» EXERCISE DATA:
· · · · ·

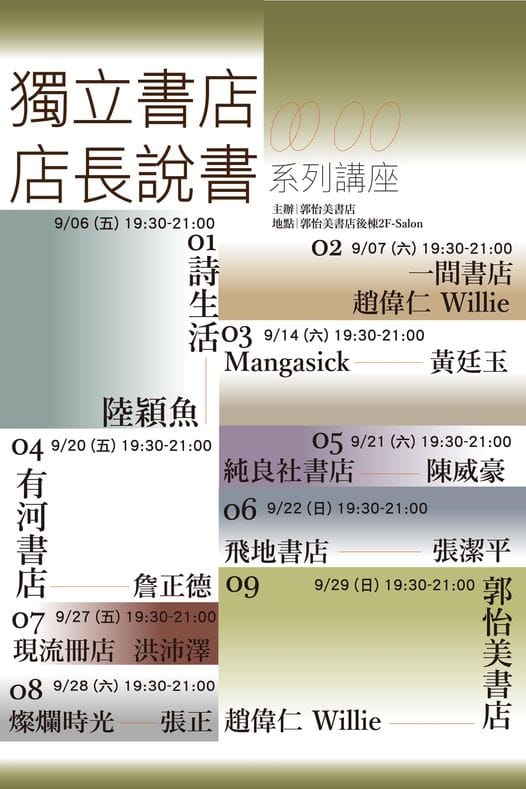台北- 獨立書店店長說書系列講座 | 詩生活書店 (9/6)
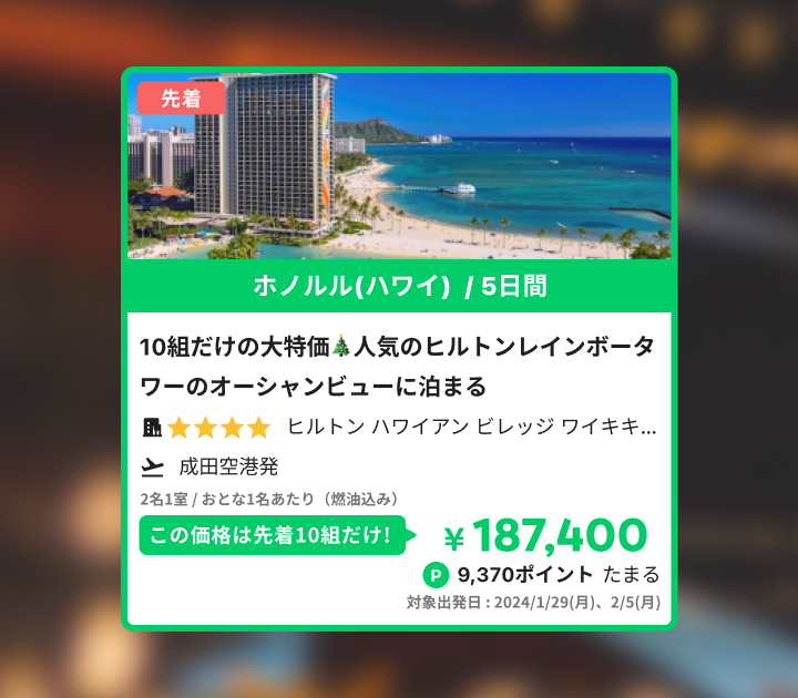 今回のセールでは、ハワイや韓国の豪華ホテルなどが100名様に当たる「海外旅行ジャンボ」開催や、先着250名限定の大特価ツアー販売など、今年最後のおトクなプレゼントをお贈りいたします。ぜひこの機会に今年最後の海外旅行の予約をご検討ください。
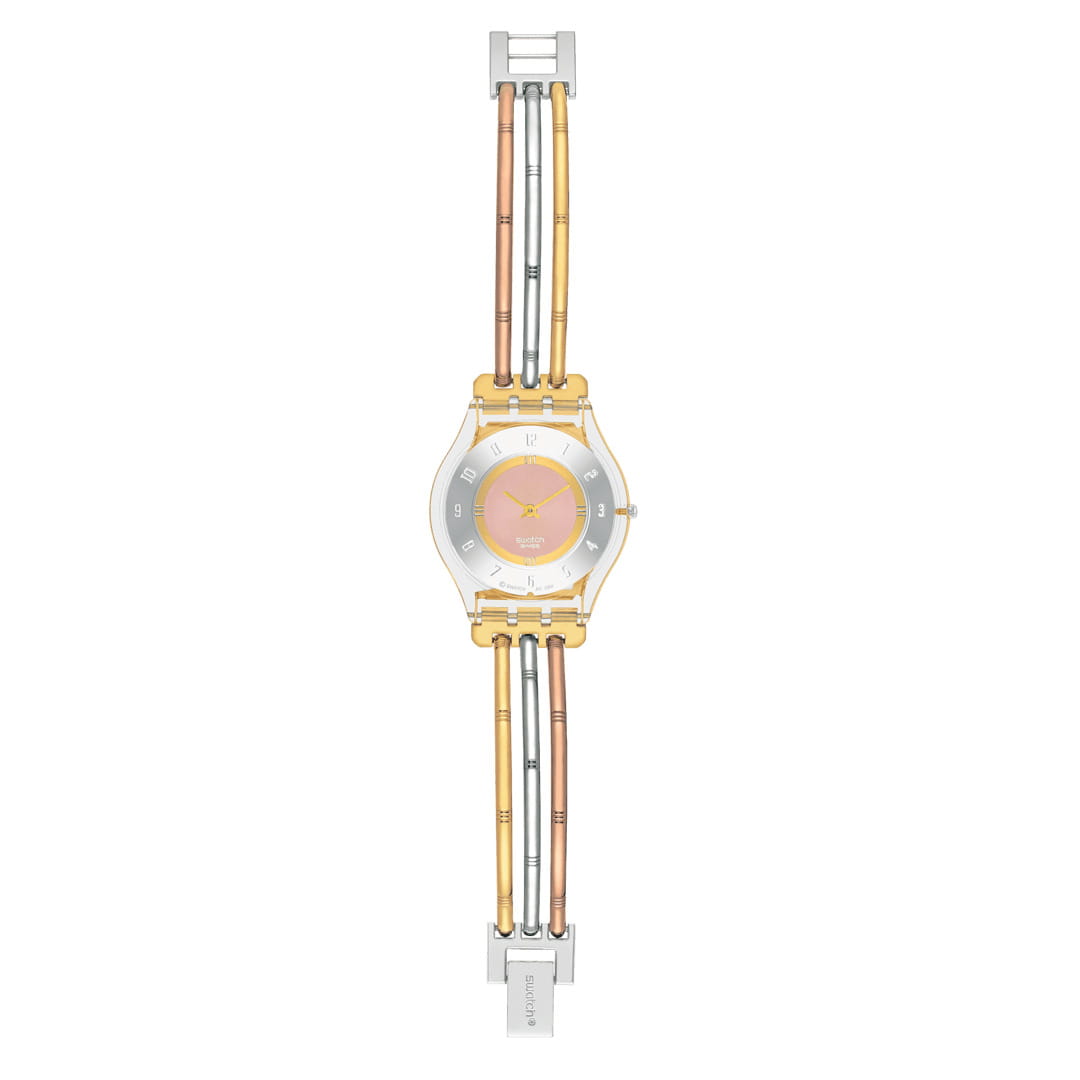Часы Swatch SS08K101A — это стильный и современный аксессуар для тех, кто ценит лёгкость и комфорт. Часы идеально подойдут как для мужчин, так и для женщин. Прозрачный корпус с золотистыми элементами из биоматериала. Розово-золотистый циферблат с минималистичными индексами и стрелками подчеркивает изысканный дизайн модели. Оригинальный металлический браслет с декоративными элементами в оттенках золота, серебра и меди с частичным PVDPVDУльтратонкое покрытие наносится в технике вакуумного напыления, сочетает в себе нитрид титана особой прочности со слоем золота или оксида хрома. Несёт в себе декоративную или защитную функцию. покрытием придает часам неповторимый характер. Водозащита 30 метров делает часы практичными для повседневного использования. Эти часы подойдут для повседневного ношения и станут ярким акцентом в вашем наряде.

· · · · ·

» TO DO: Quote, please, every line of the material above from its start through the line that has "今回のセールでは、ハワイや韓", reproducing the words exactly and dropping any images.

» RESPONSE TO THE TASK:
台北- 獨立書店店長說書系列講座 | 詩生活書店 (9/6)
 今回のセールでは、ハワイや韓国の豪華ホテルなどが100名様に当たる「海外旅行ジャンボ」開催や、先着250名限定の大特価ツアー販売など、今年最後のおトクなプレゼントをお贈りいたします。ぜひこの機会に今年最後の海外旅行の予約をご検討ください。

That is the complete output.